Si pensi alla sensazione positiva che lascia al cliente cercare un brand (online o nel negozio) e trovarsi a disposizione servizi come:
• stock availability (disponibilità a magazzino): posso controllare online se il prodotto è presente nel negozio che mi interessa;
• click & reserve (clicca e prenota): posso prenotarlo online senza doverlo pagare e sarò sicuro che quando andrò in negozio lo troverò;
• online appointment (appuntamento online): posso prenotare online un appuntamento in negozio con il personale di vendita per provare il brand/prodotto;
• click and collect: posso ordinarlo online e ritirarlo in negozio;
• in store return of digital purchase: lo posso acquistare online ma posso cambiarlo o restituirlo in punto vendita;
• virtual catalogue (catalogo virtuale): servizio che permette di visualizzare tutte le referenze del prodotto/assortimento, in particolare quelle non presenti in punto di vendita ma ordinabili.

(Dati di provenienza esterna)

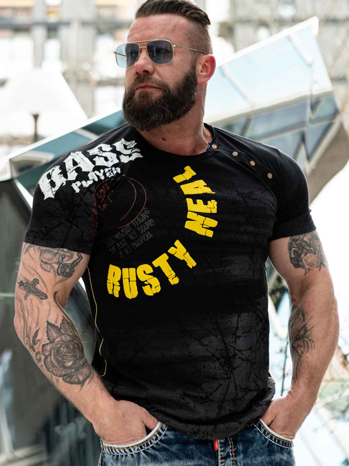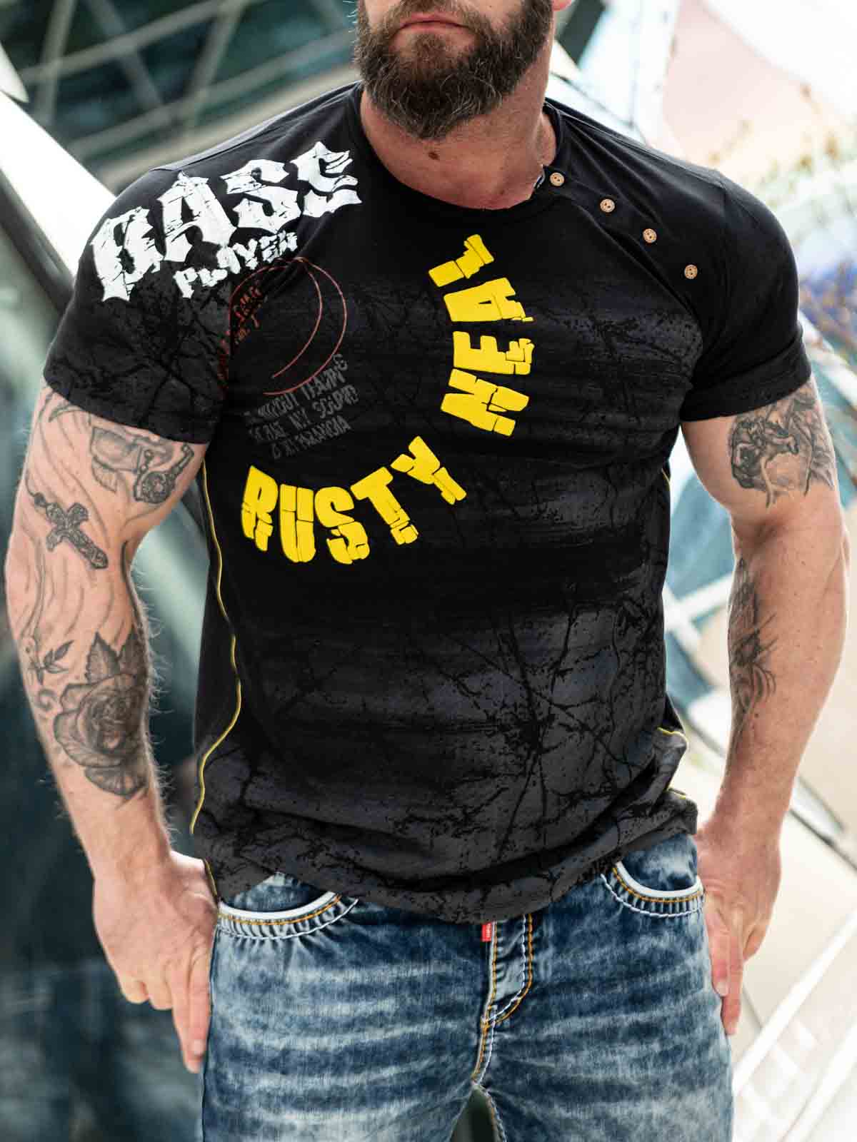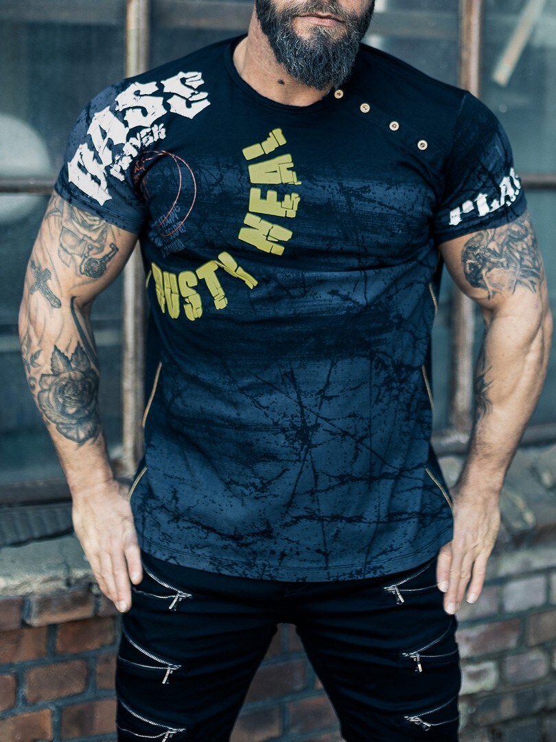 Unik t-shirt med flotte detaljer som 3D-print og mønster. Knapperne ved den afrundede hals kan knappes op og dermed give en større halsudskæring. Trykt motiv på forsiden, findes flere farvevariationer!
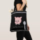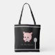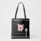 Cute gourmet little pig with spoon on black background Tote Bag. Le Petit Gourmet text can be customized.
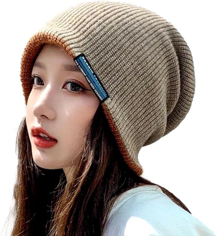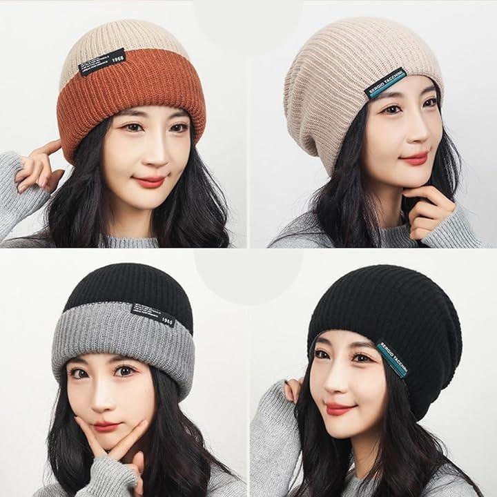 「耳まですっぽりニット帽」シンプル無地でシーズンレス・やわらかいリブニット・よく伸びる伸縮性と暖かさ・マスト防寒アイテム

Dalla ricerca dell’Osservatorio emerge cosa pensano i retailer italiani di questi servizi. Al primo posto, per la facilità di realizzazione, si trova lo store locator: il 66% aiuta il cliente a trovare il negozio più vicino, tramite il sito e la App.
Segue il click&collect, già offerto dal 35% dei rispondenti, mentre un altro 24% vi ha investito e lo offrirà entro un anno. Il 60% ha compreso la necessità di identificare il cliente tra canali, adottando una carta di fedeltà digitale o ID cliente che sincronizza l’account del cliente tra i diversi touchpoint.
Dalla ricerca emerge comunque che oggi il potenziale omnichannel dei programmi fedeltà è ancora sottoutilizzato. Per fare un salto in avanti con l’Omnicanalità si può partire dalle basi, da un programma fedeltà, aggiungendo quelle piccole “tessiture” che rendono più fluida e “senza cuciture” l’esperienza del cliente. Sarà più facile così mantenerlo all’interno dello spazio dell’insegna/brand, fargli provare emozioni positive che lasciano il ricordo di un’esperienza piacevole e lo predispongono favorevolmente all’acquisto, e alla fedeltà.
In sintesi. Il programma fedeltà, oggi più che mai deve poter essere vissuto dal cliente attraverso diversi punti di contatto (fisico e digitale). Questo programma diventa per un’insegna/brand uno strumento fondamentale per riconoscere i clienti, comprenderne meglio i comportamenti di acquisto e costruire modelli di previsione degli stessi.
Questi modelli possono consentire di rispondere anticipatamente e proattivamente alle esigenze dei clienti, mediante proposte personalizzate. Queste contribuiranno a dare la sensazione al cliente di ricevere un servizio ‘dedicato’ ad alto valore e quindi a consolidare e intensificare la sua relazione con l’insegna stessa. Tale interazione positiva aumenterà la propensione all’acquisto e di conseguenza la fedeltà dei clienti.